Department of Experimental, Diagnostic and Specialty Medicine, University of Bologna, Bologna, Italy.
Department of Biotechnology, Guru Ghasidas Vishwavidyalaya, Bilaspur, India.
Curr Treat Options Oncol. 2024 Apr;25(4):465-495. doi: 10.1007/s11864-023-01175-z. Epub 2024 Feb 19.
Cardiotoxicity has emerged as a serious outcome catalyzed by various therapeutic targets in the field of cancer treatment, which includes chemotherapy, radiation, and targeted therapies. The growing significance of cancer drug-induced cardiotoxicity (CDIC) and radiation-induced cardiotoxicity (CRIC) necessitates immediate attention. This article intricately unveils how cancer treatments cause cardiotoxicity, which is exacerbated by patient-specific risks.
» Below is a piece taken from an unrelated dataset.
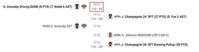 終場前8分01秒阿奴諾比暴扣後尼克斯已經領先11分,隨後尚帕尼進入了Zone的狀態,7分52秒尚帕尼命中三分,7分30秒再進三分,5分02秒第三個三分,4分34秒第四個三分球,從這裏開始兩隊已經打成116-116,尚帕尼這四個三分太關鍵了。

In particular, drugs like anthracyclines, alkylating agents, and tyrosine kinase inhibitors pose a risk, along with factors such as hypertension and diabetes. Mechanistic insights into oxidative stress and topoisomerase-II-B inhibition are crucial, while cardiac biomarkers show early damage. Timely intervention and prompt treatment, especially with specific agents like dexrazoxane and beta-blockers, are pivotal in the proactive management of CDIC.
心脏毒性已成为癌症治疗领域中各种治疗靶点引发的严重后果,其中包括化疗、放疗和靶向治疗。癌症药物诱导的心脏毒性(CDIC)和放射性心脏毒性(CRIC)的日益重要性需要立即引起关注。本文详细揭示了癌症治疗如何导致心脏毒性,以及患者特定风险如何加剧这种毒性。具体而言,蒽环类药物、烷化剂和酪氨酸激酶抑制剂等药物以及高血压和糖尿病等因素会带来风险。对氧化应激和拓扑异构酶-II-B 抑制的机制见解至关重要,而心脏生物标志物则显示出早期损伤。及时干预和及时治疗,特别是使用地拉佐嗪和β受体阻滞剂等特定药物,对于 CDIC 的积极管理至关重要。